И все же поверить пришлось, потому что на запястье Сил увидел часы. Он прекрасно их знал, потому что это был его подарок матери на ее юбилей, и они с Ариной провели много времени за выбором подарка. Именные часы принадлежали его матери, никто другой не мог бы их носить.
– Стойте! Это моя мама!
Сил откинул покрывало и поразился невероятной бледности, которая разлилась по лицу матери.
– Что с ней? – прошептал он, разглядывая заострившиеся черты. – Она умерла?
– Пока нет, – грубовато ответил санитар, державший носилки. – Но если мы тут еще немного поторчим, то кто-нибудь из нас точно помрет. Либо она, либо мы.
И видя, что Сил находится в шоке, велел ему:
– Пропусти нас, парень! Чем скорей доставим твою матушку в больницу, тем будет лучше для всех.
– Она… она…
– Сердечный приступ у нее, – сообщила врач, которая как раз в этот момент вышла из дверей. – Аллергия на что-нибудь у нее имеется?
– Насколько я знаю, нет.
– Может быть, хронические заболевания?
– Мама говорила, у нее нашли кисту в почке. Вот только не знаю, в правой или левой.
– Это нам сейчас не пригодится. С сердцем у нее что?
– Все в порядке. Мама регулярно проходила диспансеризацию.
Но врач, лишь услышав про диспансеризацию, хмыкнула так скептически, словно знала что-то такое, о чем Сил был не в курсе.
– Ладно, будем надеяться, что довезем вашу маму живой.
Сил хотел поехать с медиками, но ему не позволили.
– Нечего вам в приемном отделении делать. Вызов экстренный, обязаны принять сразу.
Врачи уехали, а Сил еще какое-то время стоял в молчании. Он не мог поверить, что все происходит с ним. Что могло приключиться с мамой? Какой внезапный недуг свалил ее? Еще вчера она ни на что не жаловалась, была бодра и полна планов. И вдруг сегодня он видит ее пугающе бледной, на носилках и без сознания, фактически умирающей. Как такое могло быть? И почему именно с ней?
Бабушка Лида свой план не случайно обдумывала так долго. Ей хотелось предусмотреть все возможные подводные камни, которые могут встретиться на пути его исполнения. Ни в коем случае не должен был пострадать кто-то из ее близких.

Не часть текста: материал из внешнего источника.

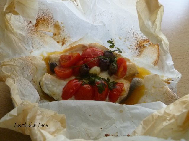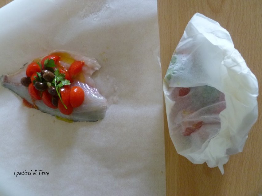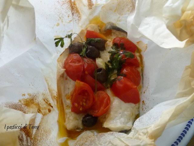 Ma veniamo alla tua meravigliosa ricetta: si tratta di uno dei modi che preferisco per preparare il pesce!! Cucinato al cartoccio si mantiene umido e gustosissimo grazie anche agli ingredienti utilizzati che si sposano perfettamente con la materia prima utilizzata e conferiscono sfiziosità alla ricetta, rendendola appetitosa e buonissima (ti confesso che mi è venuta fame solo a guardare la foto:))).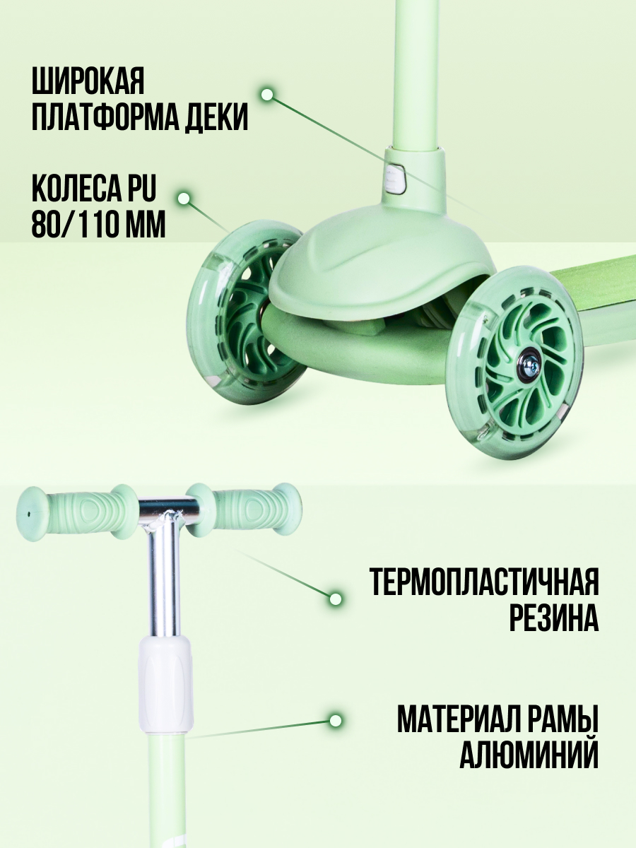 Cамокат меняет направление за счет наклона рукоятки в нужную сторону. Широкая платформа позволит ребёнку поставить обе ноги на самокат.

Бабушка не случайно опасалась мести разъяренного Леопольда. Если все выгорит, как она рассчитывает, то жулик будет не просто в ярости, он будет взбешен так, что можно ожидать с его стороны самых суровых ответных мер.
– А если его все-таки не арестуют? Если он останется тут, с нами?
И две ночи подряд бабушка Лида вертелась с боку на бок, чтобы предусмотреть все возможные нюансы. А затем, убедившись, что промаха не случится, она встала, оделась и решительным шагом покинула квартиру.
Вечером того же дня вся семья Казюлиных ужинала у себя в комнате.
– Вы же знаете, – произнесла вдруг бабушка, когда ею было покончено с первым, – что наша с вами семья имеет благородное происхождение.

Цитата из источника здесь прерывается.